Material supplied: Begin

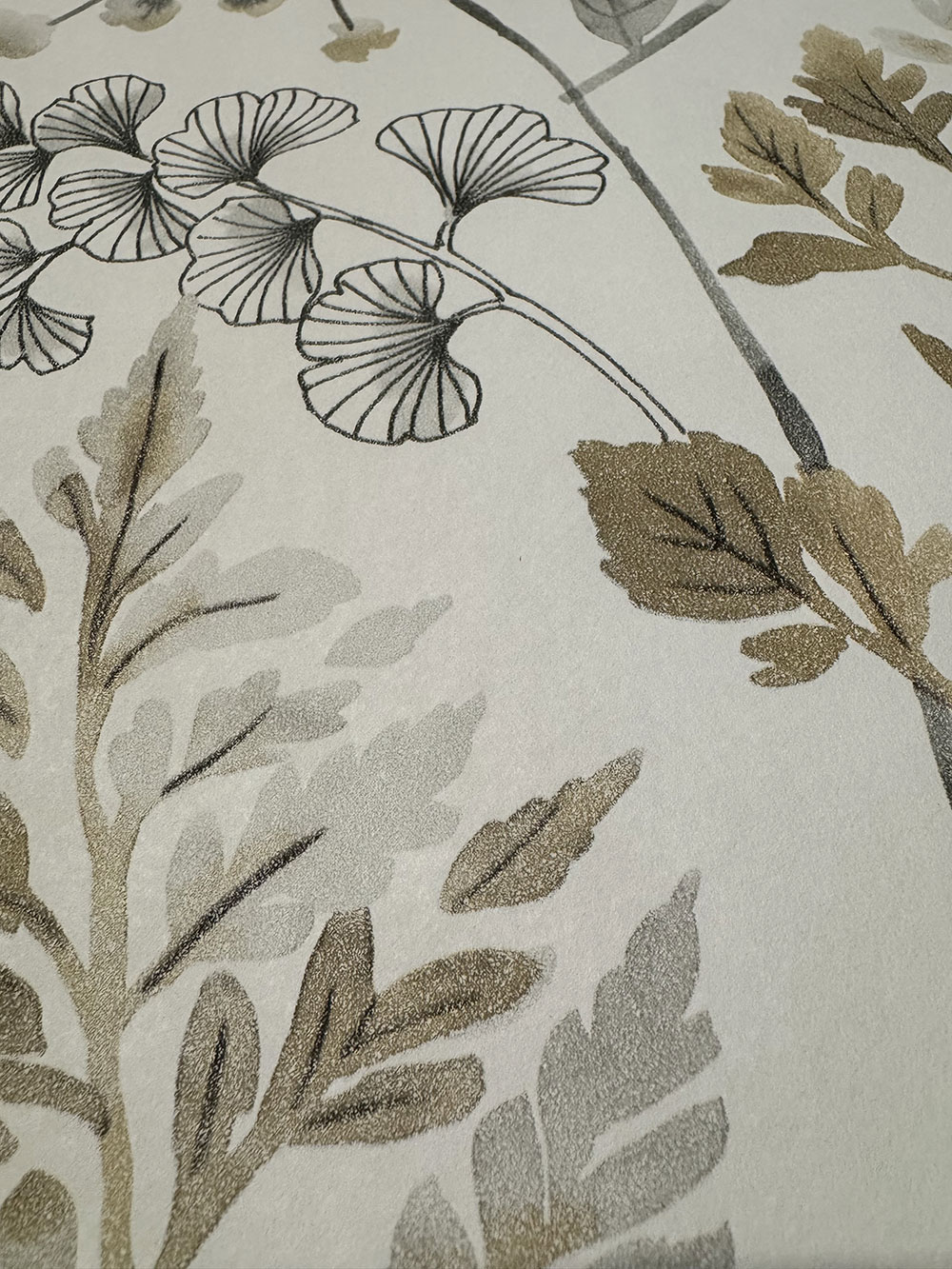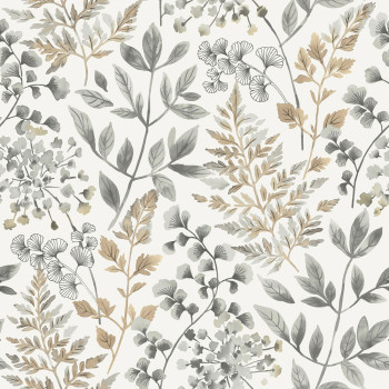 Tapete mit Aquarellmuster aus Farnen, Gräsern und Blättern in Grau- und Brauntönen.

Material supplied: End
Material supplied: Begin

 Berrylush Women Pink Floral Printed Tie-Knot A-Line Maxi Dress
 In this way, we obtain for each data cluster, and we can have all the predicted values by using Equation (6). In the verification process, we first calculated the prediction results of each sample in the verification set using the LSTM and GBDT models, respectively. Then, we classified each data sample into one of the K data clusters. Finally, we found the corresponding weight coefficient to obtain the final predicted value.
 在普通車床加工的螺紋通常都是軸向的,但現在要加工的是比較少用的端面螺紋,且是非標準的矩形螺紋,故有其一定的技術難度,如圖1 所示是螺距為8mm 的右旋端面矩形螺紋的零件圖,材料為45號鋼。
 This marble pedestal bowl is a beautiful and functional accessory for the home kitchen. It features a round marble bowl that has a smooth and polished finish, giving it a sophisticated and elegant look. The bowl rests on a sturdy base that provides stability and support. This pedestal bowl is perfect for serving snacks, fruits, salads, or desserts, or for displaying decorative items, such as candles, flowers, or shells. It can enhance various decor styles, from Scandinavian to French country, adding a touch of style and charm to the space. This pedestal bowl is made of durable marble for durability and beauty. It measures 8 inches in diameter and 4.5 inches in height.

Material supplied: End

Work request: For this exercise, please output exactly the lines above starting at the line with "In this way, we" and ending at the line with "This marble pedestal", ends included.

Answer:
 In this way, we obtain for each data cluster, and we can have all the predicted values by using Equation (6). In the verification process, we first calculated the prediction results of each sample in the verification set using the LSTM and GBDT models, respectively. Then, we classified each data sample into one of the K data clusters. Finally, we found the corresponding weight coefficient to obtain the final predicted value.
 在普通車床加工的螺紋通常都是軸向的,但現在要加工的是比較少用的端面螺紋,且是非標準的矩形螺紋,故有其一定的技術難度,如圖1 所示是螺距為8mm 的右旋端面矩形螺紋的零件圖,材料為45號鋼。
 This marble pedestal bowl is a beautiful and functional accessory for the home kitchen. It features a round marble bowl that has a smooth and polished finish, giving it a sophisticated and elegant look. The bowl rests on a sturdy base that provides stability and support. This pedestal bowl is perfect for serving snacks, fruits, salads, or desserts, or for displaying decorative items, such as candles, flowers, or shells. It can enhance various decor styles, from Scandinavian to French country, adding a touch of style and charm to the space. This pedestal bowl is made of durable marble for durability and beauty. It measures 8 inches in diameter and 4.5 inches in height.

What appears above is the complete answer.